DIYP: For anyone starting out with the desire to create images like yourself, what advice would you give them about finding inspiration?
DD: A friend had a favorite saying “vacuum clean the universe”, that is be insatiable in looking and learning as much as you can.
DIYP: Which do you prefer the retouching side or the compositing side?
DD: I see them as two sides of the same coin. Compositing can be more complex than straight retouching, but it builds on and uses the same skills one would use in simpler retouching jobs.
Mostly I just love working on cool images with cool artists.
DIYP: Out of all your projects, which had the most impact on your life?
DD: When I started out one of the photographers I worked with introduced me to Roger Corman, the king of B-Grade movies. Roger produced a long list of movies such as The Little Shop of Horrors, Attack of the 50 Foot Woman, and Death Race 2000. At the time Roger’s movie posters were created using the old fashioned cut and paste and airbrushing methods. He wanted to start using digital imaging to create the final art and so for about 10 years I did all the retouching on the art for his movie posters and home video packaging.
He used several independent designers to create the designs so as these folks moved on to working with the bigger movie poster agencies my network grew and I started getting more work on “A List” movies.

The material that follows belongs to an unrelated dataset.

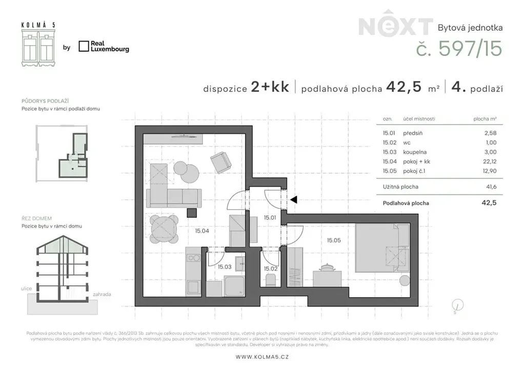 Tato konkrétní jednotka č.15 o dispozici 2kk a podlahové ploše 43 m2 se nachází ve 4 nadzemním podlaží s výhledem jak do ulice, tak do zahrady. Je členěna na vstupní chodbu, samostatnou toaletu, obývací pokoj s kuchyňským koutem, ze kterého je přístup do koupelny a oddělenou ložnici. Přesné rozložení si můžete prohlédnout na přiloženém půdorysu.

DIYP: If you were only allowed to give one essential piece of advice to a beginner, what would it be?
DD: The most important skill is learning how to “see”. You can know all sorts of techniques but if you have not developed your eye your work will look “off” and you’ll not know why.
So you need a strong background in art or photography before you can become a good retoucher. You need to understand light, color and composition first before you can really be good at any other part of working on images.
DIYP: What cool projects do you have lined up for 2018.
DD: Every year always seems to bring unexpected projects my way, usually on pretty short notice. But a few weeks ago I got work the folks at Ten 30 Studios on some really cool art for the next Dead Pool movie.
And I have a few speaking/teaching events that are falling into place as well. With any luck I’ll be returning to Serbia at the end of May to teach a 2 day class at their Fotorama festival.
DIYP: Where would you like to see yourself in 10 years time?
DD: Doing more retouching and teaching. I’ve been doing this for over 25 years and I still love this work. Even on a stressful day I’ll find myself smiling as I get into working on some cool image. I’m really lucky to love what I do and I can’t see myself stopping anytime soon.